Matteo Novaga: Evolution of planar networks

I will consider the motion by curvature of a network of curves in the plane, and discuss existence, uniqueness and asymptotic behavior of the evolution. I will also discuss possible extensions to other geometric flows of networks.

Matthias Röger: Variational analysis of a mesoscale model for bilayer membranes

We present an asymptotic analysis of a mesoscale energy for biological membranes. The energy is both non-local and non-convex. It combines a surface area and a Monge–Kantorovich-distance term, leading to a competition between preferences for maximally concentrated and maximally dispersed configurations. We extend previous work to the three-dimensional case and identify a curvature energy of Canham–Helfrich type in the zero-thickness limit. For a closely related problem of energies on surfaces equipped with a director field we show compactness and a lower bound property with respect to a suitably generalized curvature energy.

Oliver Schnürer: Mean curvature flow without singularities

We present a method to flow hypersurfaces by mean curvature flow without encountering singularities. We will illustrate this concept of a solution and discuss aspects like different weak interpretations, uniqueness, Dirichlet boundary data and obstacle problems.

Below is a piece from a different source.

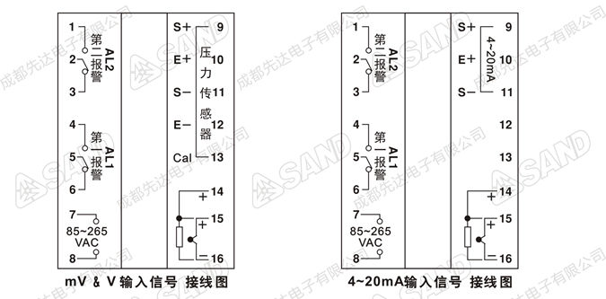 PS1016AT系列智能数字压力温度双显表-接线说明:

Stephan Wojtowytsch: Diffuse Interfaces and Topology: A Phase-Field Model for Willmore's Energy

Motivated from a biological model, we consider the problem of minimising Willmore's energy in the class of connected surfaces with prescribed area embedded into a bounded domain. From a computational point of view, it may be favourable to approximate the curvature energy by a phase field model. Diffuse Interfaces, however, can easily separate into multiple components along a gradient flow evolution. This is overcome using a topological penalty term in the functional involving a geodesic distance function. We present here a proof of Gamma-convergence to the sharp interface limit in two and three dimensions and numerical evidence of the effectiveness of our method in two dimensions.